Solo Project at Untitled Miami

December 3 – 8, 2019

Richard Dupont solo project at Untitled Miami 2019

Press Release

Richard Dupont will be the subject of a solo project at Untitled Miami 2019. Drawing from aspects of classical and archaic as well as Modernist art, Dupont’s artistic practice was pioneering in its prescient foreshadowing of the transformational impact of digital technology on 21st Century life and culture. Beginning in 2002, Dupont made use of 3D body scanning to create “performance sculptures”, large scale replicas of his body, which were digitally manipulated using CAD software to achieve spatial and perceptual illusions. A focus on the then-emerging technology of biometric surveillance informed much of his early work. In a 2015 review,  New York Times critic Martha Schwendener wrote, “..every era needs its representations of the human figure, and Mr. Dupont’s sculptures aptly demonstrate how scanning, surveillance and imaging technology shape our conceptions of humanity today.”

Dupont’s recent works extend his earlier concerns into a wider historical context. Biometric technologies find their roots in the systems of anthropometry and criminology developed in the late 19th Century. Badende takes as its point of reference Wilhelm Lehmbruck’s Badende of 1905. A sculptural trope utilized by a number of artists at the turn of the century, Dupont was drawn to this particular bather because of its dynamic and anti-statuesque pose. A live model was digitally scanned while posing, and this scan data was slowly altered over many months of drawing and digital manipulations. The deceptively subtle manipulations are, in actuality, extensive, and push the form towards the architectonic and abstract. Traditional lost wax casting was used to realize the virtual shape in bronze. A matte black patina emphasizes the flow of space through and around the sculpture.

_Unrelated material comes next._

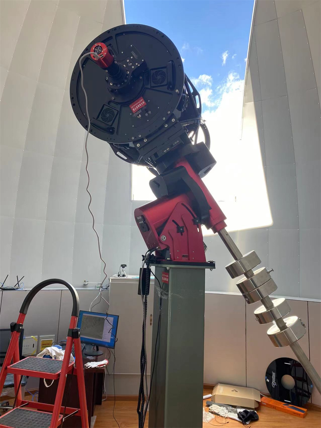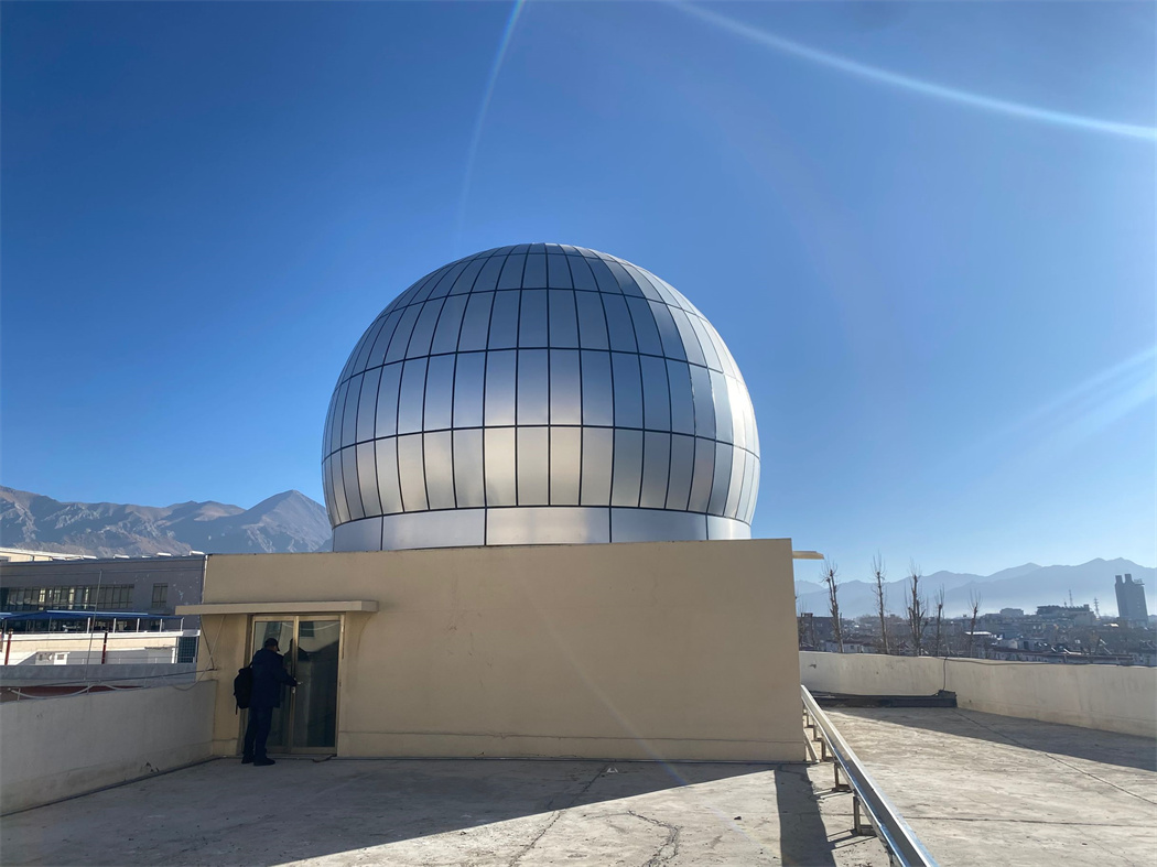 根據(jù)拉薩藏醫(yī)院天文臺使用要求,定制8米天文圓頂,經(jīng)典式樣。為了美觀以及耐用,外板采用1.2毫米銀灰色鋁板,內(nèi)板采用1毫米氧化鋁板,天窗使用暗藏式,天窗傳動為上下開啟式機械傳動,關(guān)起時是平的。為適應(yīng)拉薩地區(qū)夏天熱冬天冷的氣候現(xiàn)狀,我們創(chuàng)新地在天文夾層中添加加隔音隔熱棉,這樣圓頂內(nèi)溫度能相對穩(wěn)定。同時配置大口徑望遠(yuǎn)鏡及智能隨動裝置,可滿足全天域星空觀測。

Degraded Scan is the result of a series of sculptural iterations that began with Dupont sitting for a “life mask”. This sculptural replica of the artist’s head was then digitally scanned and milled out of foam. The foam head then received a coat of silicone rubber, which was subsequently peeled off to form a loose “skin”. This skin was allowed to fall onto the floor as a formless and open “container”. Expanding foam was poured into this and randomly inhabited the “skin”. After hardening, the foam was molded and cast in bronze. The sequence of these operations was not pre-conceived, and brings to mind Jasper Johns’ dictum, “Take and object. Do something to it. Do something else to it.” For Dupont, process allows for a sculpture to develop organically, and to find its own direction, often apart from an original intention.